Notice how this follows the form of a simple harmonic oscillator:

\[ \frac{d^2 x(t)}{dt^2} = - \omega_0^2 I(t). \]

Therefore, we can state that the natural frequency of the LC circuit is:

\[ w_0 = \frac{1}{\sqrt{LC}}, \]

with units of radians per second. At this frequency, the current is maximum i.e. resonant. This develops since the individual reactance of each component cancels-out (\(X_L=X_C\)). Hence, the impedance goes to zero and the current goes to maximum.

Next, let us add some damping to the system. In a circuit, this takes the form of resistance which produces a potential of:

\[ V_R = I(t)R. \]

Now since, \(V_L + V_C + V_R = 0\), the new differential equation for the LCR circuit is:

\[ \frac{d^2I(t)}{dt^2} + \frac{I(t)}{LC} + \frac{I(t)R}{L} = 0. \]

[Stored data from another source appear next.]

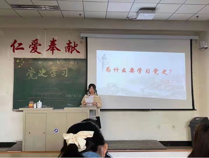 随后,丛佳汇同学与大家分享了对于学习党史必要性的理解。她以习近平总书记在中央党校建校80周年庆祝大会上指出的“学史可以看成败、鉴得失、知兴替”开篇,进而通过自己在党史学习过程中的体会说明只有真正了解过去才能正确认识现在,正确认识现在才能科学把握未来,并号召大家积极进行党史学习。
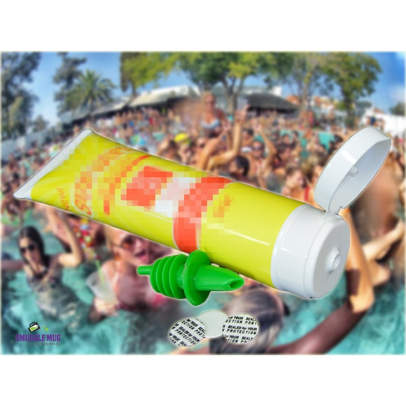 - Sunscreen 12.8oz Flask comes with 3 lid peel off seals keeps it leak and smell proof
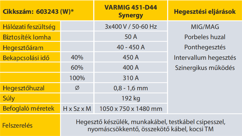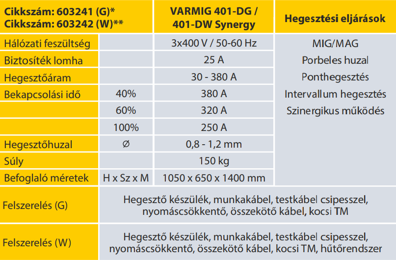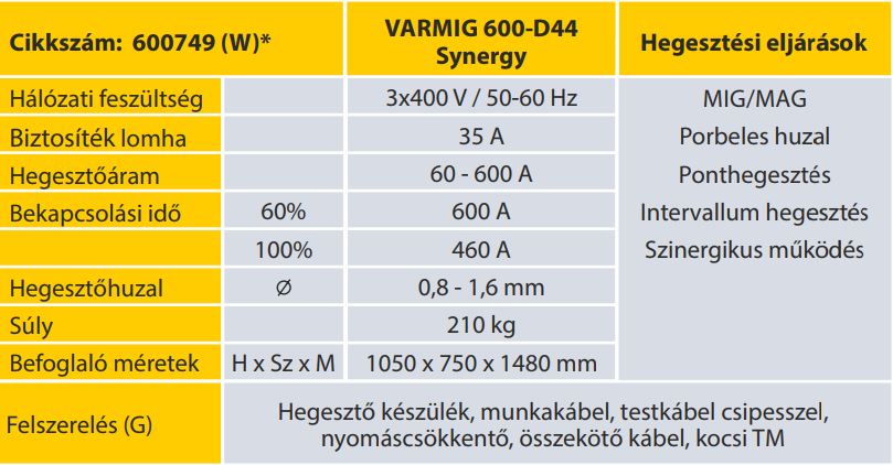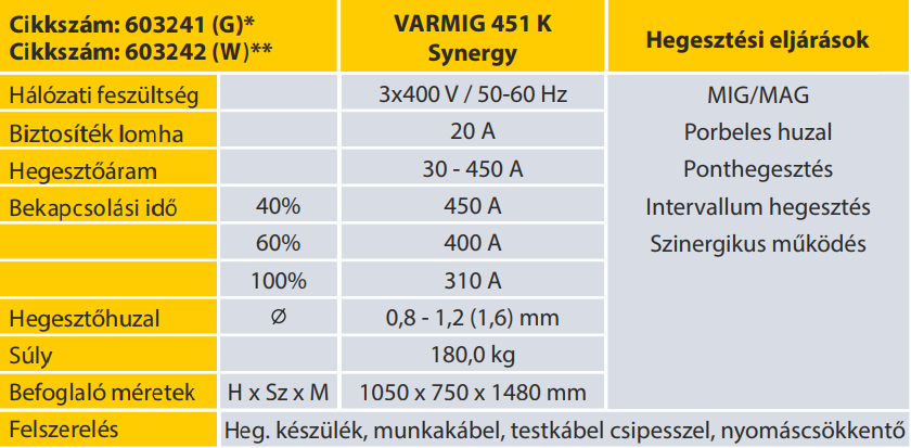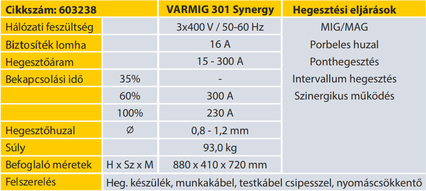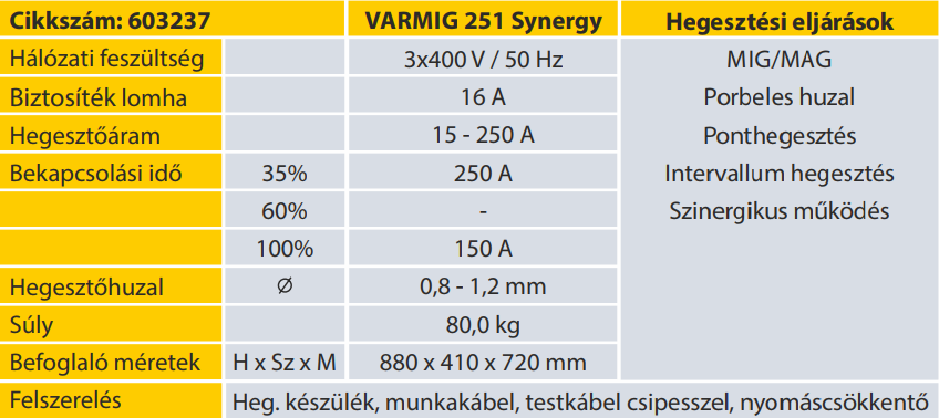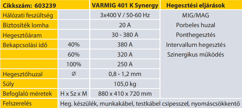 A Varmig Synergy MIG/MAG hegesztőkészülékek védőgázzal történő hegesztésre alkalmasak. A készülékekkel szerkezeti acél valamint a megfelelő tartozékok és hozaganyag használatával alumínium és CrNi is hegeszthető. Széles körben használhatók a gépjármű ipartól, a gépgyártásig, hajógyárakban az egyszerű hegesztési munkálatokra is. A mikroprocesszoros vezérlés lehetővé teszi a szinergikus működtetést, programozott vagy manuális hegesztőparaméterek beállítását, soft start (könnyű indulás) funkciót, a hegesztési feszültség digitális szabályozását és a huzalelőtolás sebességének jelzését.

Our model now is in the form of a damped-driven harmonic oscillator. Solving this differential equation for the unknown function \(I(t)\) results in:

\[ I(t) \approx I_0 sin(\omega t). \]

The value of the current amplitude, \(I_0\), can be solved using the total impedance Z:

\[ I_0 = \frac{V_0}{|Z|} = \frac{V_0}{\sqrt{(Z_C + Z_L)^2 + Z_R^2}} = \frac{V_0}{\sqrt{(\omega L - \frac{1}{\omega C})^2 + R^2}}. \]

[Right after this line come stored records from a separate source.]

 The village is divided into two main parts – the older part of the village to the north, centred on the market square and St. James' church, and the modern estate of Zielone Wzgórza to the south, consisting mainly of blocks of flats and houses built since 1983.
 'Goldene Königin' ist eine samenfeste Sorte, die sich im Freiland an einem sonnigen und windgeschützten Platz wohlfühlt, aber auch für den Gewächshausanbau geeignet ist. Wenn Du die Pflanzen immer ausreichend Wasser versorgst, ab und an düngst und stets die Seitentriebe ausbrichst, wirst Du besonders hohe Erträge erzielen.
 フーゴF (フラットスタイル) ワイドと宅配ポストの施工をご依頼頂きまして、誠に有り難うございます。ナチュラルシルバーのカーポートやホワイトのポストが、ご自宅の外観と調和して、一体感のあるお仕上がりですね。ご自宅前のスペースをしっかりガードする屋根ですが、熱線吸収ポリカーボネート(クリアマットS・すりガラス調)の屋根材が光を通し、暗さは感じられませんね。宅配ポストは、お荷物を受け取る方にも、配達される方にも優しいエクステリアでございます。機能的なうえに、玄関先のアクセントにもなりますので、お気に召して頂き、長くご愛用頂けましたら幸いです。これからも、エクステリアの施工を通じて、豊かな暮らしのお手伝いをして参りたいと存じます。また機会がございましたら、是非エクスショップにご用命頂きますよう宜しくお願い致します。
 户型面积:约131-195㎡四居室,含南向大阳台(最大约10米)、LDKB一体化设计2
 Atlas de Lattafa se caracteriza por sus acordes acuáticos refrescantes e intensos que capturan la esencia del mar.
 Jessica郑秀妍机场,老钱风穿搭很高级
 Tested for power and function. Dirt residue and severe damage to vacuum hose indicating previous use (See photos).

Examples of the LCR current are shown in the image below for different values of \(R\). The width of the peak is a measure of bandwidth. Rather than at half the peak value (the full width at half-max (FWHM) bandwidth is approximately \(\Delta \omega / \sqrt{3}\)), this width is typically measured at half the peak current or voltage gain. This can be predicted as:

\[ \Delta \omega = \frac{R}{L}. \]

Increasing \(R\) (or decreasing \(L\)) will increase the width of the bandwidth. The circuit effectively performs as a bandpass filter. Higher frequencies are blocked by the increasing reactance of the inductor to fast changing current. Conversely, lower frequencies are blocked by the increasing capacitor reactance.

The minimum impedance occurs at \(\omega_0\), where the capacitor and inductor reactances cancel out. Increasing the damping term \(R\) results in greater bandwidth but reduced current. Source.

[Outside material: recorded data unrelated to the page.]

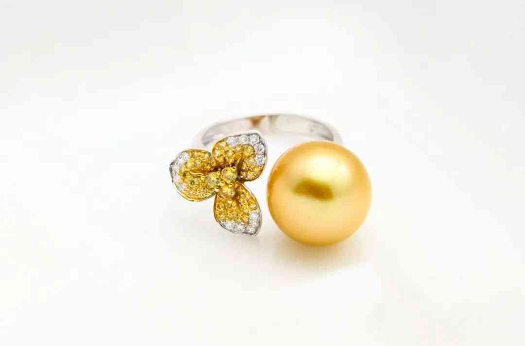 12-13mm南洋極度濃金珍珠配18K黃金鉆石三葉草款戒指
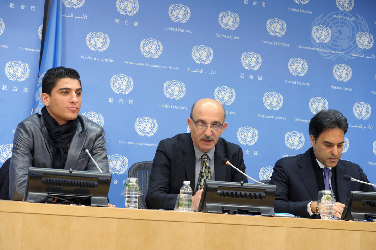 Sami Mshasha (centre), Spokesperson for the UN Relief and Works Agency for Palestine Refugees in the Near East (UNRWA), speaks to correspondents during a press conference in which Mohammed Assaf (left), UNRWA Youth Ambassador, made a statement on the forthcoming International Day of Solidarity with the Palestinian People (29 November). Also on panel was Mazen Hayek (right), Spokesman for Middle East Broadcasting Corporation (MBC).
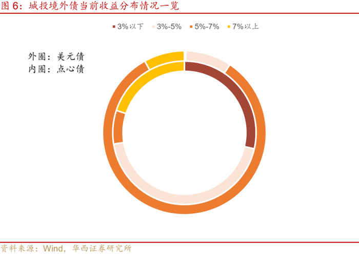 具体来看,城投境外债约三分之二的收益率都在5%以上,其中点心债约800亿元,占其余额的27.5%,美元债约4500亿元,占其余额的九成。而从7%以上更高收益的情况来看,点心债余额更大,达到582亿元,美元债为400亿元。
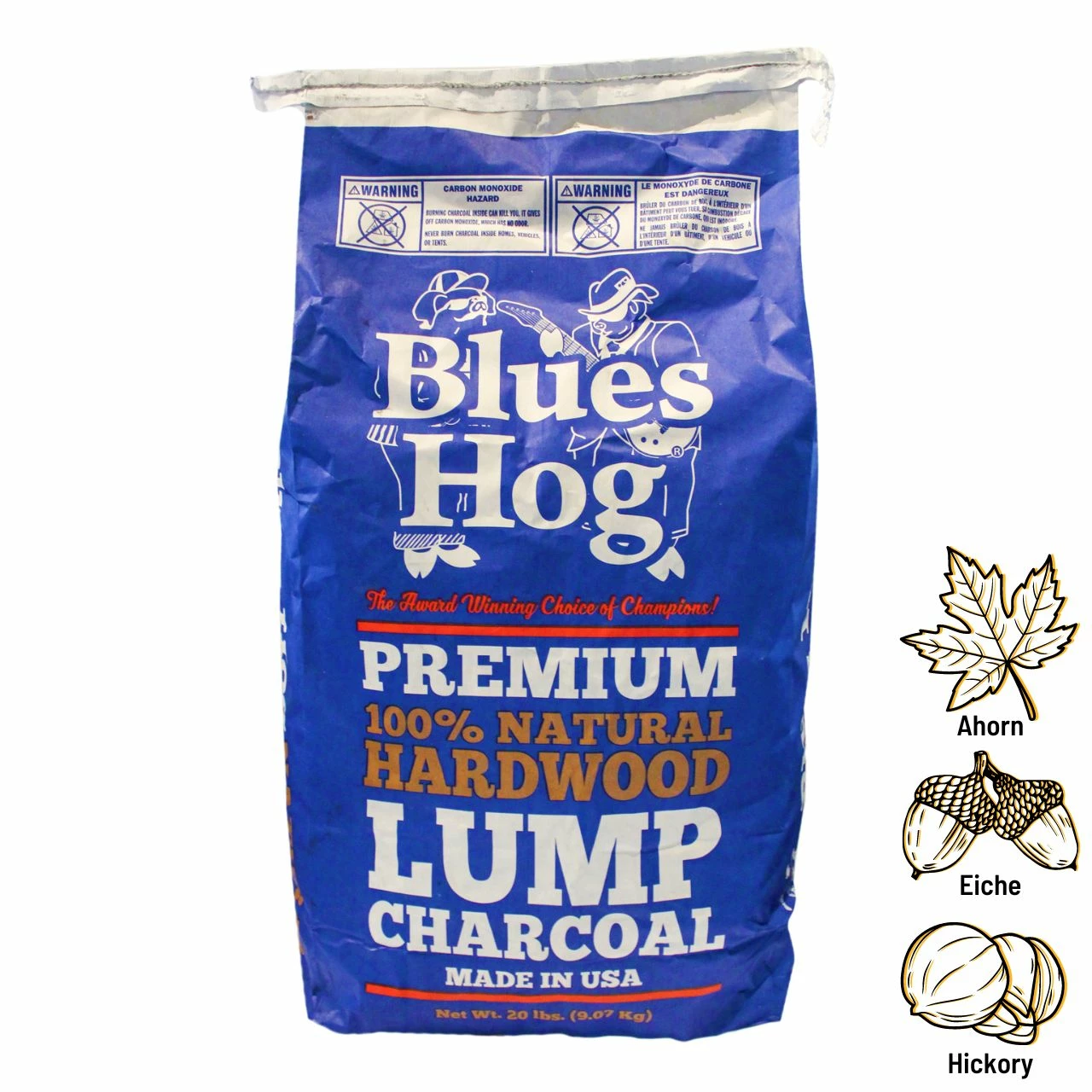Die Blues Hog Natural Lump Charcoal sind 100% natürliche Holzkohlen. Diese bestehen aus Harthölzern aus Missouri, USA. Mit dabei: Eiche, Hickory und Ahorn. Diese Kombination bringt Dir tolle Aromen beim Grillen, weshalb diese Holzkohle von den Top-Pitmastern in der Grillwelt genutzt wird. Die Holzkohle ist relativ grobstückig.

Rather than current, our experiments will measure potential difference. Hence, if we measure the voltage drop across the resistor, we can deduce the AC current via the linear relationship \(V_R =I(t)R\). We can derive a physical model for the LCR circuit in terms of its response to driver frequency. The response will be measured as the the voltage drop across the resistor:

\[V_{out} = V_R = I(t) R. \]

We know that the amount of current \(I(t)\) that the system can conduct is limited by the alternating input potential:

\[I(t) = \frac{V_{in}}{Z}, \]

and the overall impedance of the circuit is:

\[ Z = Z_L + Z_C + Z_R = i \omega L - \frac{i}{\omega C} + R.\]

So the potential is:

\[ V_{out} = \frac{V_{in}}{Z}R = \frac{V_in}{i \omega L - \frac{i}{\omega C} + R} R = \frac{V_{in}}{i \left( \frac{\omega L}{R} - \frac{1}{\omega C R} \right) + 1}. \]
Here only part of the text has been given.